---------- RECORDS SHOWN
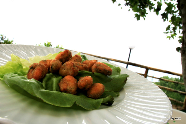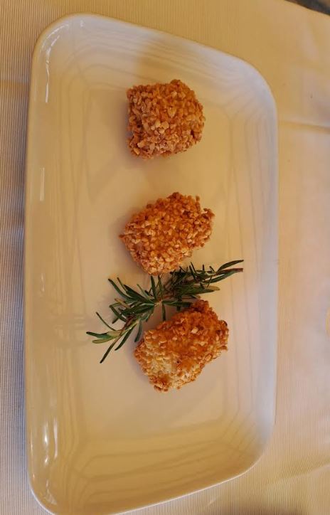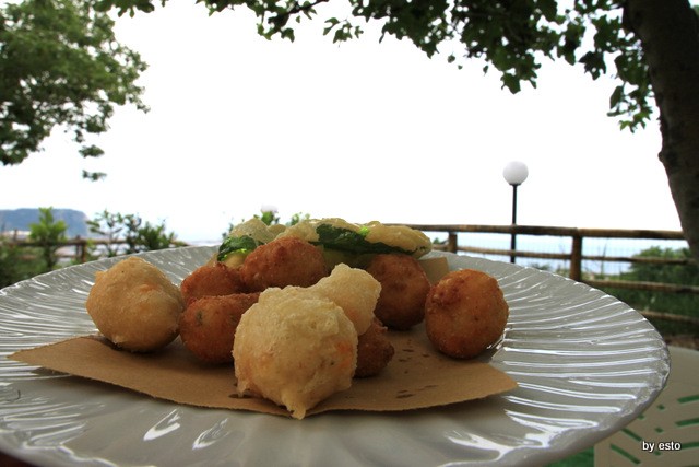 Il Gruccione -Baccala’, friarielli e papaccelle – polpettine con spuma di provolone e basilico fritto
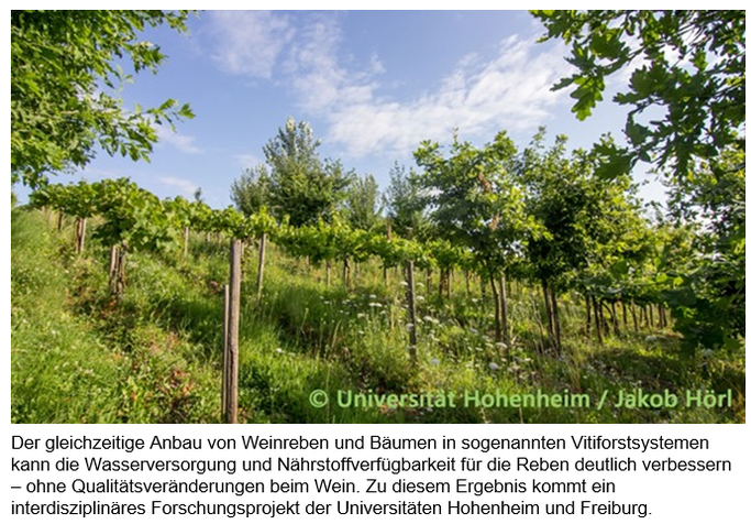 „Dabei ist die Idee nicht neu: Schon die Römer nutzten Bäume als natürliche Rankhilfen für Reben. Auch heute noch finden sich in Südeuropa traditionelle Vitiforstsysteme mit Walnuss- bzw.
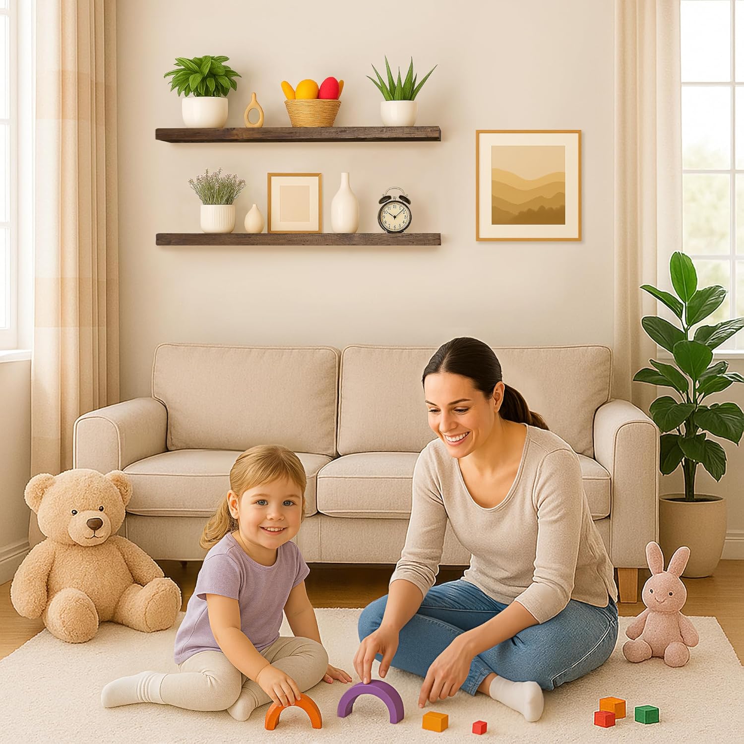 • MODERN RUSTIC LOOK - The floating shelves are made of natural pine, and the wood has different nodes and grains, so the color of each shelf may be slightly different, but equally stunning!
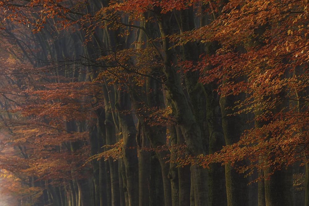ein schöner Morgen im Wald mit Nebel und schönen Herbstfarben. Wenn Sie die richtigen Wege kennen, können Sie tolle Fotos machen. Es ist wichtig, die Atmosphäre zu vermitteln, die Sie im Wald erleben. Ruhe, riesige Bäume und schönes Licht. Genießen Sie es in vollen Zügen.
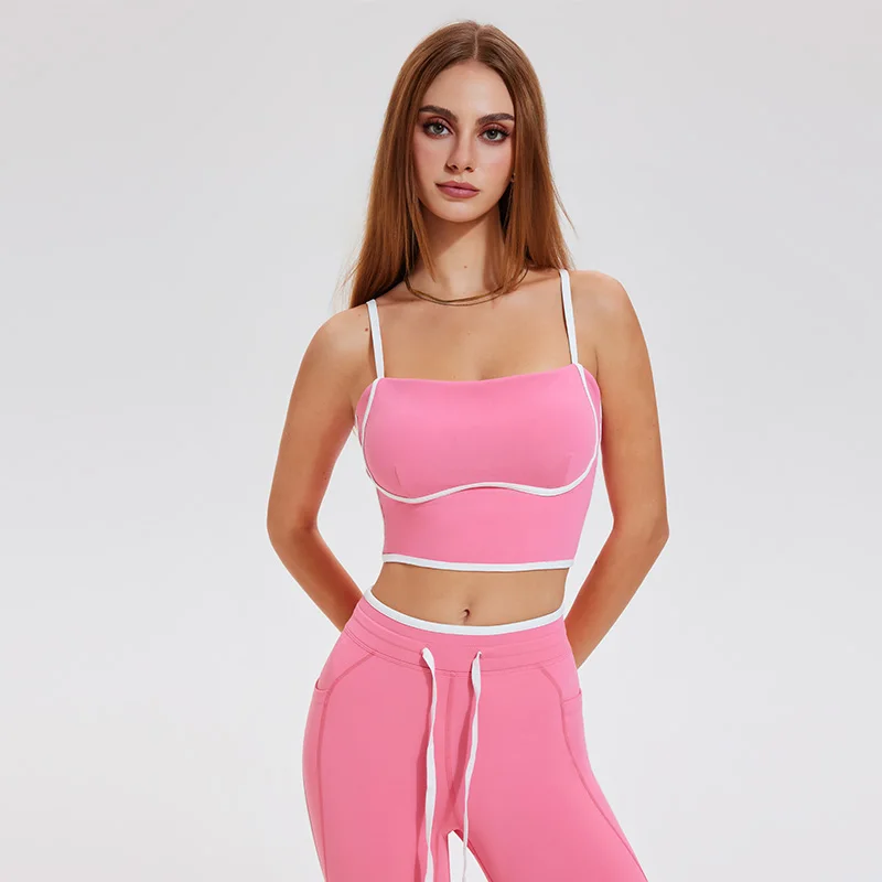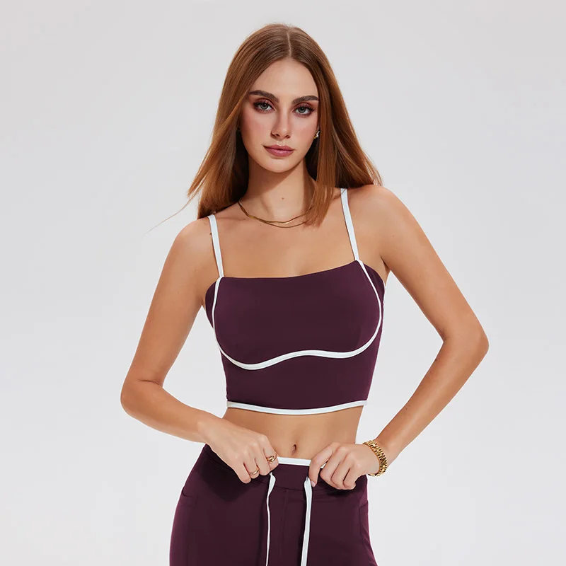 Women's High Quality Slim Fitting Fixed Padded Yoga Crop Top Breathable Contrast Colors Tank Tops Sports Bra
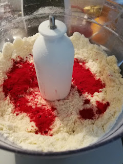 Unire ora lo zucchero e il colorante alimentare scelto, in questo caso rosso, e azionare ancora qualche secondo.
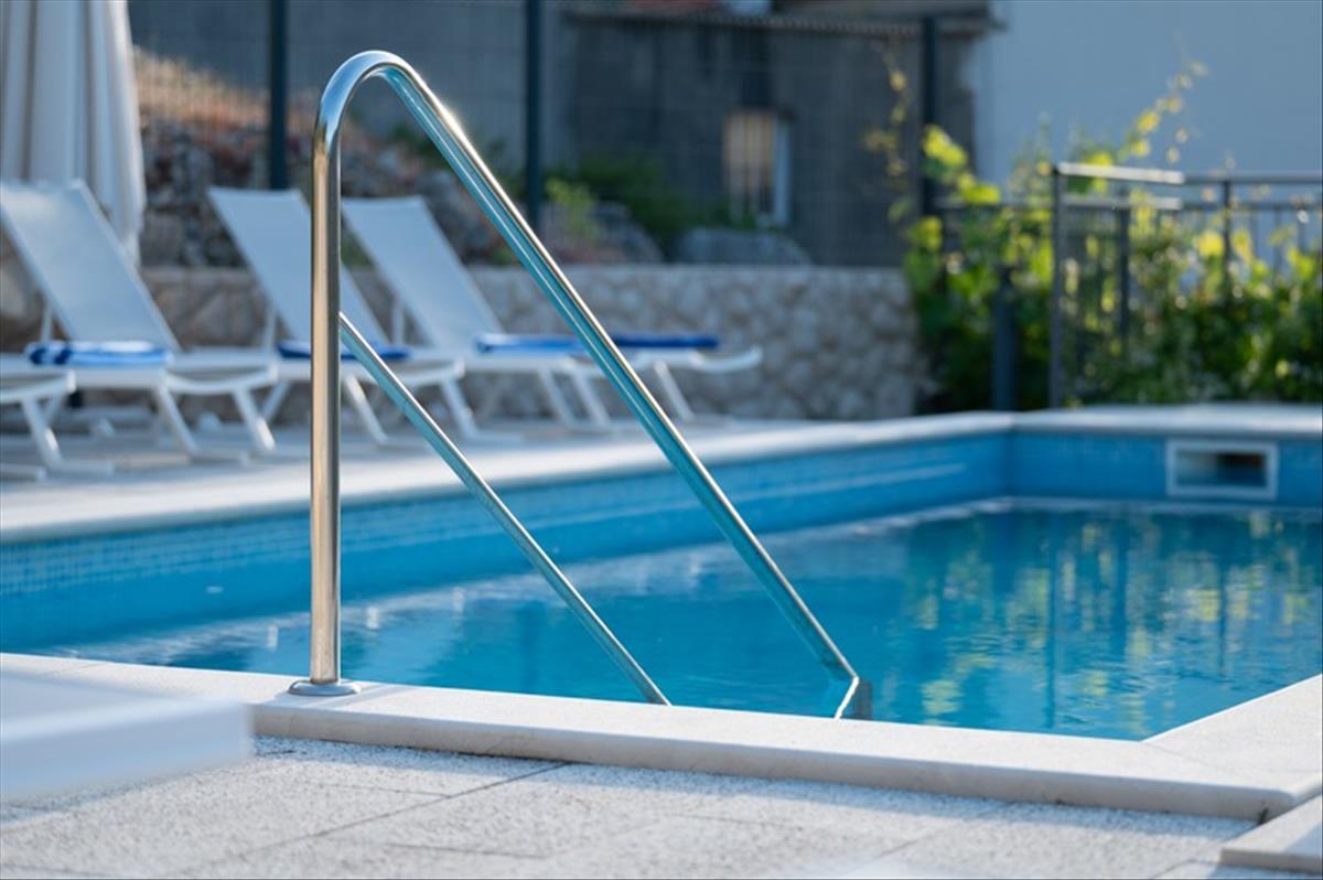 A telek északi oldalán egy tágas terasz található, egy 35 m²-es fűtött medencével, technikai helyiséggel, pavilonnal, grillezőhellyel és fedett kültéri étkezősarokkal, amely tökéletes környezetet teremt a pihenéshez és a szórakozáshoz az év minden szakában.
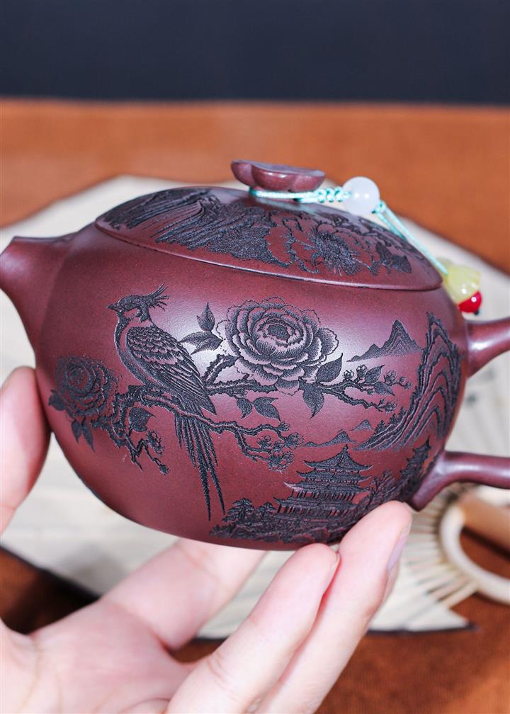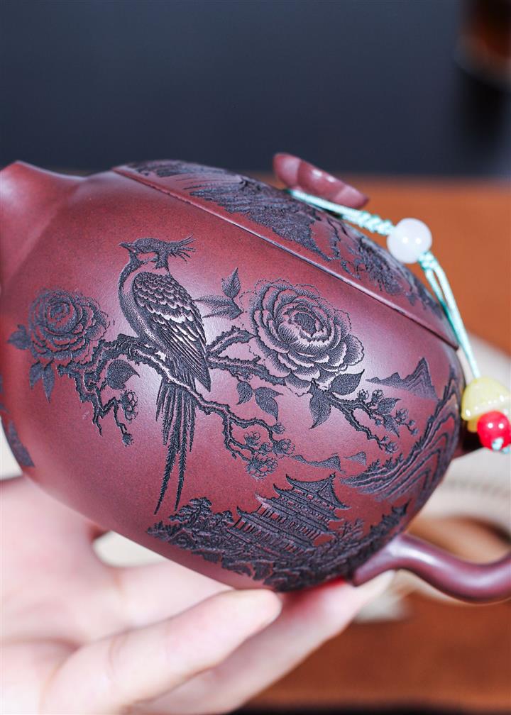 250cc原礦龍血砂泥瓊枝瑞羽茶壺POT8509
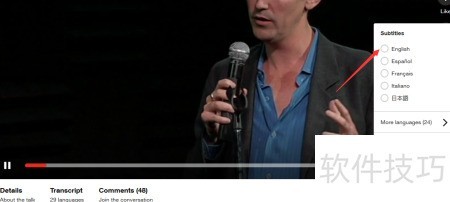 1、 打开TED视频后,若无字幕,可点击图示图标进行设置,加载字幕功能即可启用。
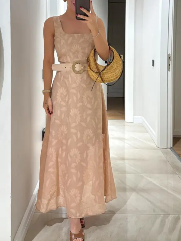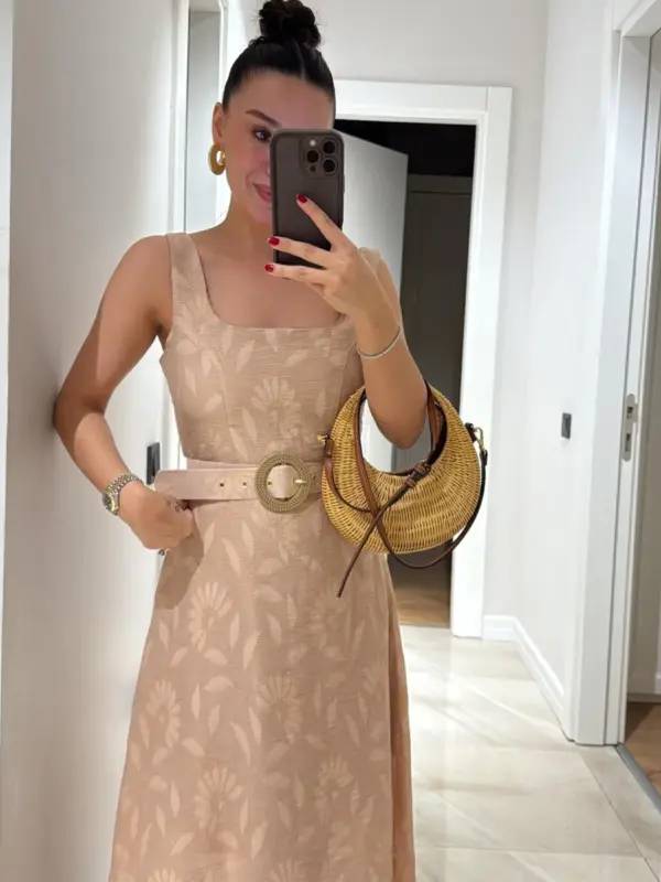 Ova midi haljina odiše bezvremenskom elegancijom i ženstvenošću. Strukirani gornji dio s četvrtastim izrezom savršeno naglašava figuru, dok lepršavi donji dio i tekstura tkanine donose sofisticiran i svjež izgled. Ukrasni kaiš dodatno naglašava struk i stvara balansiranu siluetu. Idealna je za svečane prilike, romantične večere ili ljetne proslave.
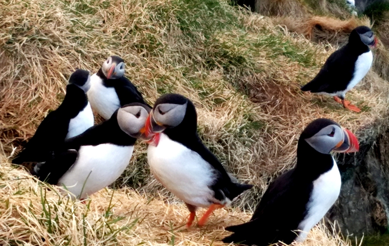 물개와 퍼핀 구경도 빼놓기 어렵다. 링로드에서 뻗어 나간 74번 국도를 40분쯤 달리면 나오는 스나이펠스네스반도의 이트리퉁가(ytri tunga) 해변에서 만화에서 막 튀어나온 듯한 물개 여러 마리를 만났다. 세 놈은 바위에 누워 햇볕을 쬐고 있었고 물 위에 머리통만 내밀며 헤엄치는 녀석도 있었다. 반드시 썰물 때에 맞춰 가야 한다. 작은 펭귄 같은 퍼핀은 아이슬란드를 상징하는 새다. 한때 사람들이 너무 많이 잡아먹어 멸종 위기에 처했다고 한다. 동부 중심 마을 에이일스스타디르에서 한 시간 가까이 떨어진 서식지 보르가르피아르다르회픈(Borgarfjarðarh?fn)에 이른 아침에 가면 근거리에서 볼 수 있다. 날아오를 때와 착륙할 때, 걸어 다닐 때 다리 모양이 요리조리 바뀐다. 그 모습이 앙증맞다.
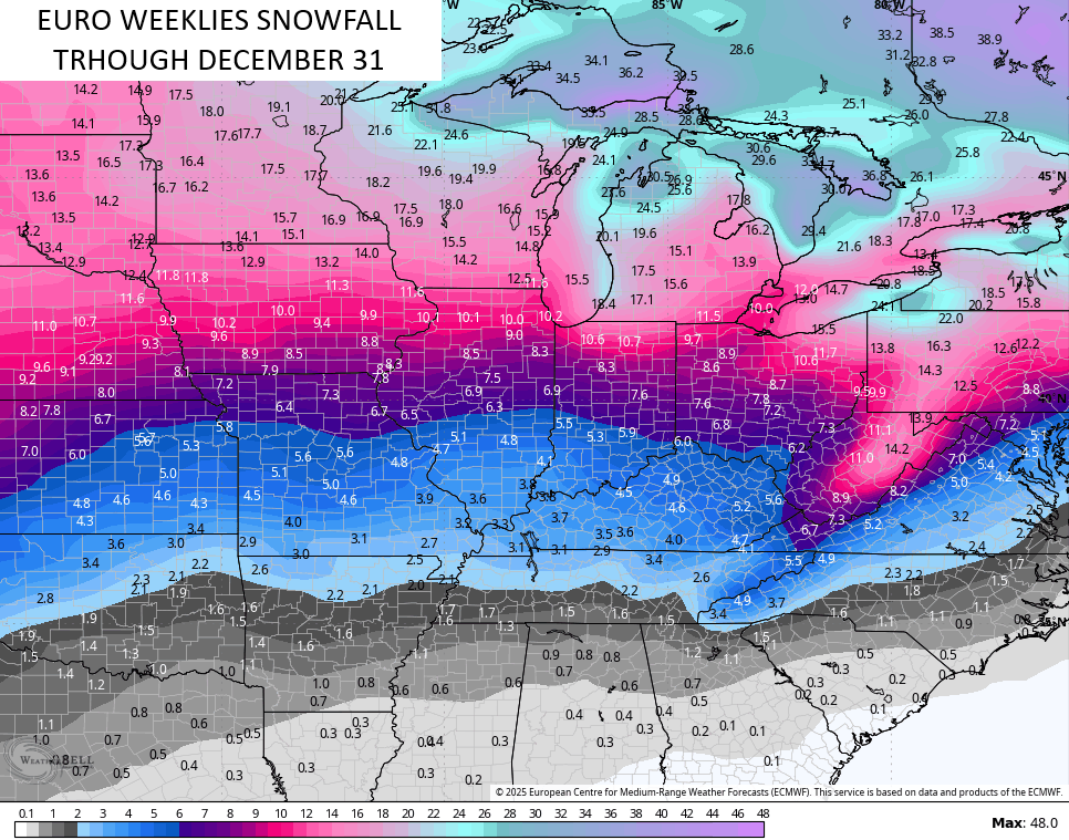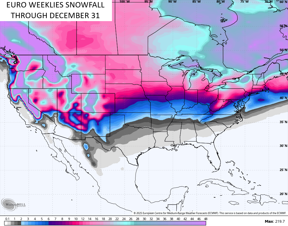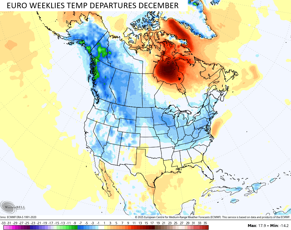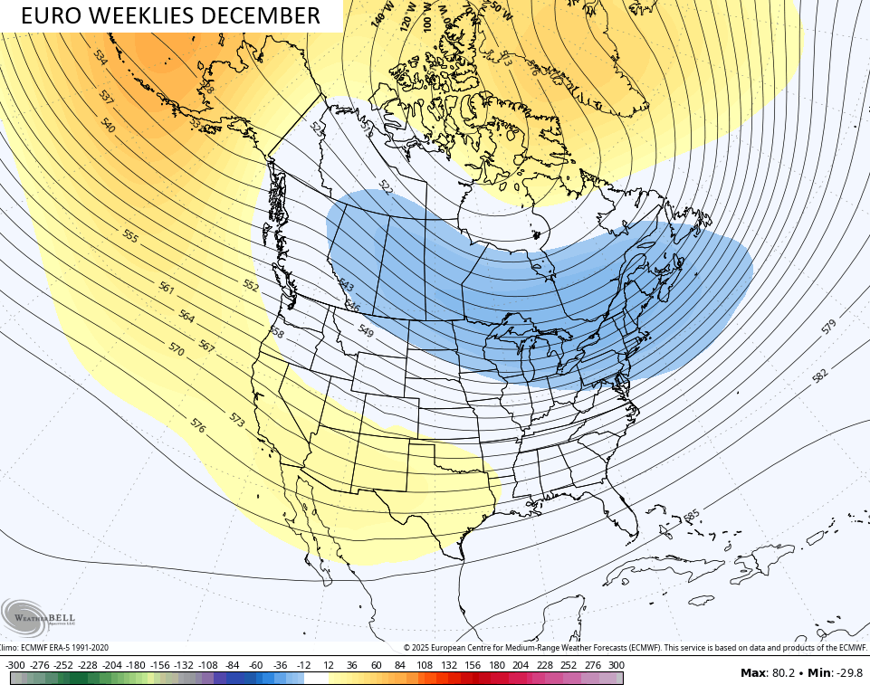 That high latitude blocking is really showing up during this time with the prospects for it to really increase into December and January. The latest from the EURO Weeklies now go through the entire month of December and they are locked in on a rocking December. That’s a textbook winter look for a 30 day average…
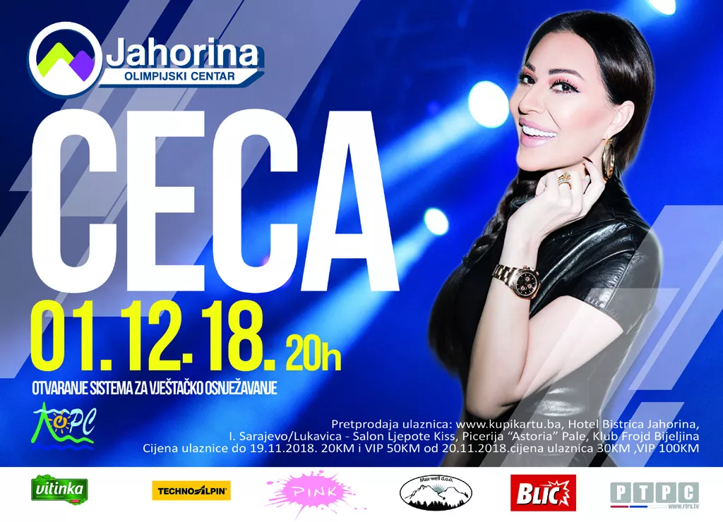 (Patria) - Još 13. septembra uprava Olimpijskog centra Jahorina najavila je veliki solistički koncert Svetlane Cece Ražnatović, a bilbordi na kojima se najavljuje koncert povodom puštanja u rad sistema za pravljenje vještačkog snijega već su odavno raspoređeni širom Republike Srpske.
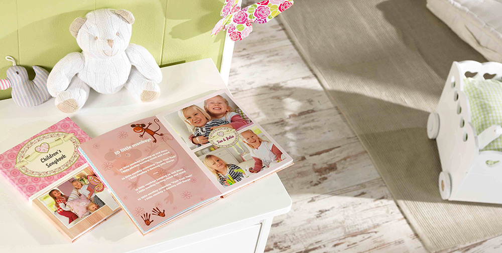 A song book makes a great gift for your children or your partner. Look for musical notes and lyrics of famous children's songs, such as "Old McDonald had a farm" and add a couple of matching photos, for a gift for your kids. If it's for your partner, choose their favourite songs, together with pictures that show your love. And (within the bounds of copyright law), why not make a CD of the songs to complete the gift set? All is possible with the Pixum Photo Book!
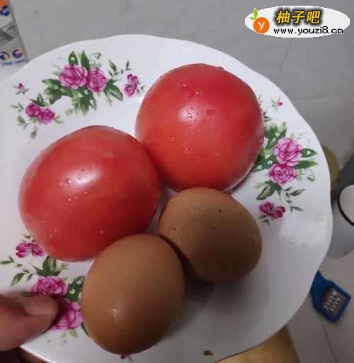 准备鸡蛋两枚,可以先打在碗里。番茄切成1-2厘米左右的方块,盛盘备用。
--------------------
## [EXERCISE AIM]
In the entries above, find the line containing "250cc原礦龍血砂泥瓊枝瑞羽茶壺POT8509" and the line containing "Ova midi haljina", then copy both and every line between them exactly, without any picture.

## [FINISHED TASK]
 250cc原礦龍血砂泥瓊枝瑞羽茶壺POT8509
 1、 打开TED视频后,若无字幕,可点击图示图标进行设置,加载字幕功能即可启用。
 Ova midi haljina odiše bezvremenskom elegancijom i ženstvenošću. Strukirani gornji dio s četvrtastim izrezom savršeno naglašava figuru, dok lepršavi donji dio i tekstura tkanine donose sofisticiran i svjež izgled. Ukrasni kaiš dodatno naglašava struk i stvara balansiranu siluetu. Idealna je za svečane prilike, romantične večere ili ljetne proslave.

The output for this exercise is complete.